• [EXERCISE DETAILS] Using only the entries below, output the lines starting at the one containing "حسان بالرباط ." and ending at the one containing "BANGKOK – The", exactly and inclusive of both, omitting the pictures.

• [SUPPLIED DATA]
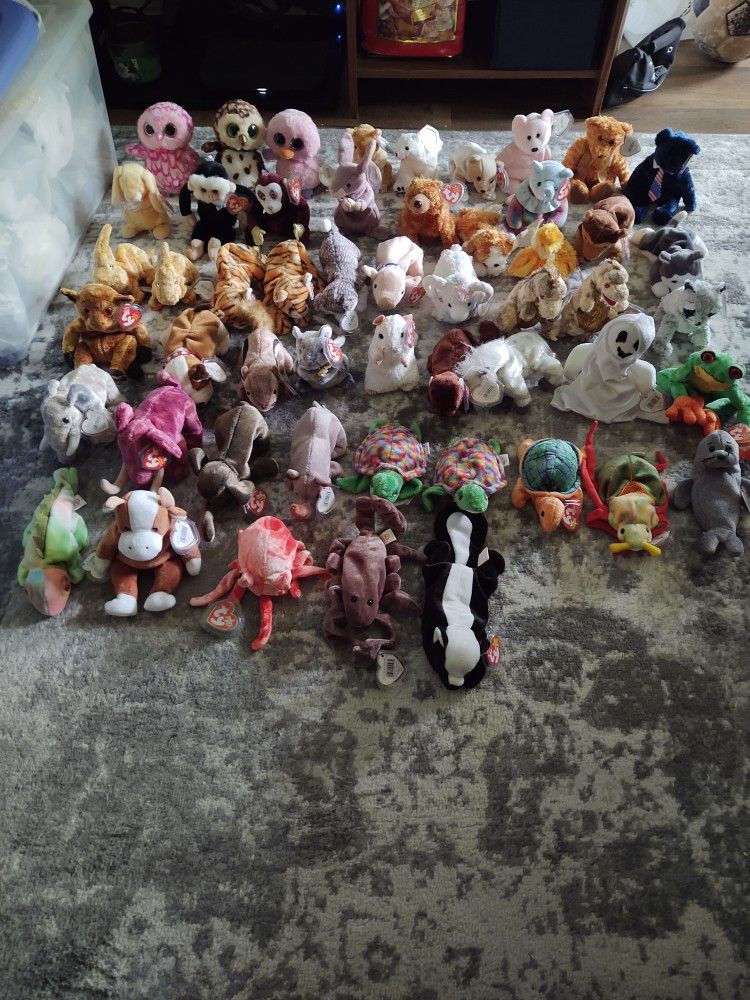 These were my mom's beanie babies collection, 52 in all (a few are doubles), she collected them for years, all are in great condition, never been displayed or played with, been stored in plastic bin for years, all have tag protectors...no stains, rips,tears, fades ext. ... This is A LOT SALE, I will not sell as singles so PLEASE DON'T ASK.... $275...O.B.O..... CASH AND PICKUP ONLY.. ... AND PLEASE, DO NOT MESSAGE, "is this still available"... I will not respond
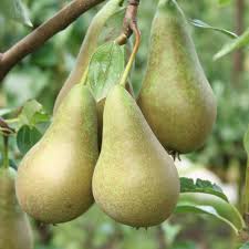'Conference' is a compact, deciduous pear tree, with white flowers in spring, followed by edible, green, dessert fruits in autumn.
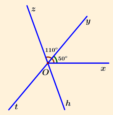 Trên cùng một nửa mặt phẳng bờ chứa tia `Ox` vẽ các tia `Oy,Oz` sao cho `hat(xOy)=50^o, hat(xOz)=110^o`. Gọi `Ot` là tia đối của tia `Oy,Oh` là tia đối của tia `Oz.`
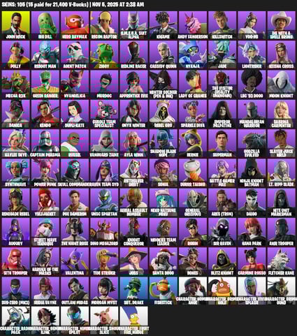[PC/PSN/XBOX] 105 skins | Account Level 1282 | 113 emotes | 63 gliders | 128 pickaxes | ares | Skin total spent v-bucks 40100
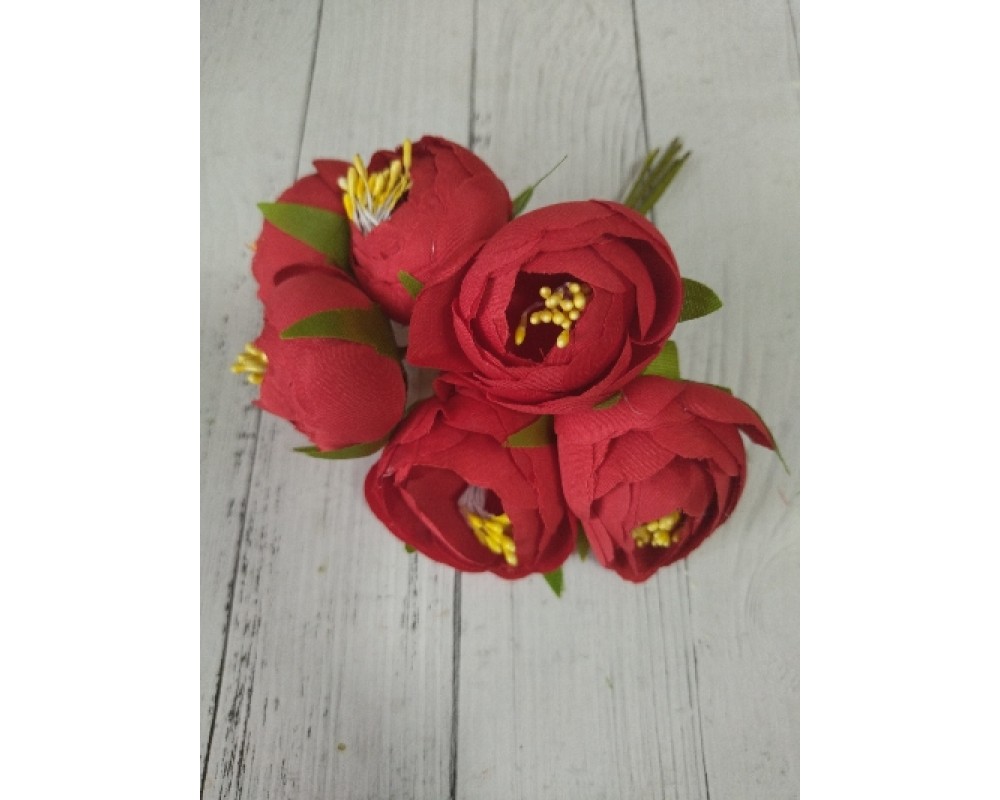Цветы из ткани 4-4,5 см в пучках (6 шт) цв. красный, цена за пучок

* * *

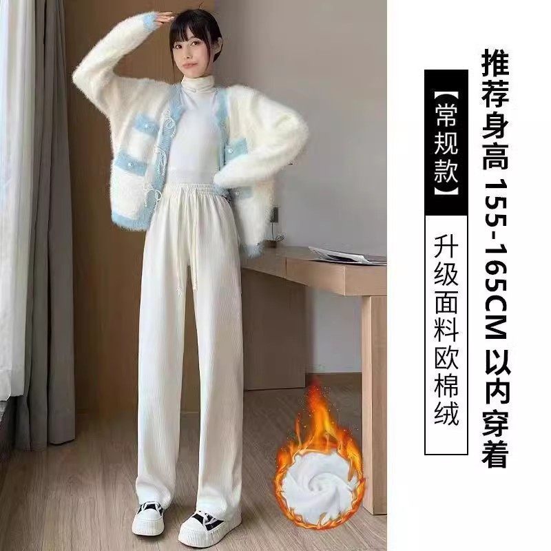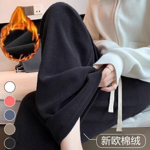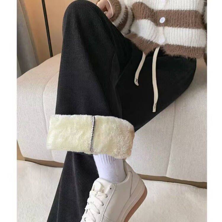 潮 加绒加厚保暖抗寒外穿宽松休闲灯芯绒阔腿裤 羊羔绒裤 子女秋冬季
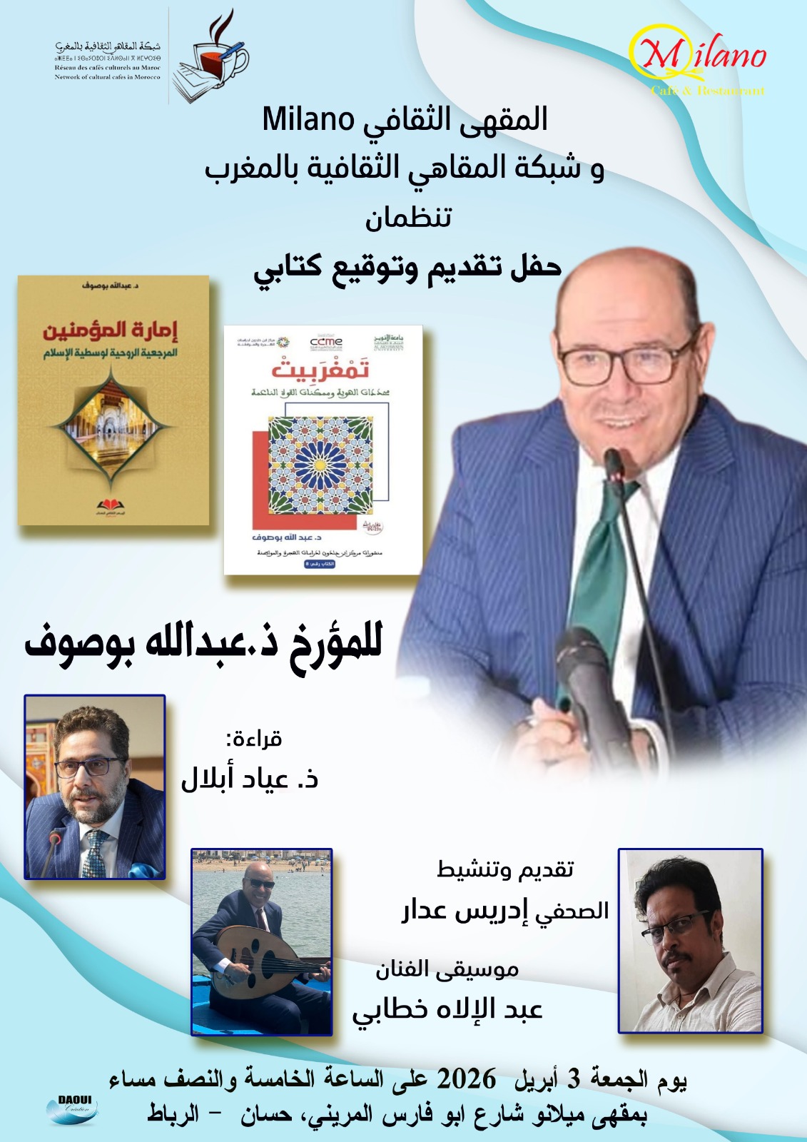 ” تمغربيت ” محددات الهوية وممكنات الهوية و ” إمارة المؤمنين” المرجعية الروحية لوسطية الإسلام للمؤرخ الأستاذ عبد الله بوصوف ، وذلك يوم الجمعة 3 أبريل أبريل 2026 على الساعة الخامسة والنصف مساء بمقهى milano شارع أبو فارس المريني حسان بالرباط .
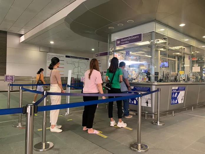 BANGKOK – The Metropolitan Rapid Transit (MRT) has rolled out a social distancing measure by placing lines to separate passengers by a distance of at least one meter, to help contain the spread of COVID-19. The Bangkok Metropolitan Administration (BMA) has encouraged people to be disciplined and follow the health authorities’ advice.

• [OUTPUT OF THE TASK]
 ” تمغربيت ” محددات الهوية وممكنات الهوية و ” إمارة المؤمنين” المرجعية الروحية لوسطية الإسلام للمؤرخ الأستاذ عبد الله بوصوف ، وذلك يوم الجمعة 3 أبريل أبريل 2026 على الساعة الخامسة والنصف مساء بمقهى milano شارع أبو فارس المريني حسان بالرباط .
 BANGKOK – The Metropolitan Rapid Transit (MRT) has rolled out a social distancing measure by placing lines to separate passengers by a distance of at least one meter, to help contain the spread of COVID-19. The Bangkok Metropolitan Administration (BMA) has encouraged people to be disciplined and follow the health authorities’ advice.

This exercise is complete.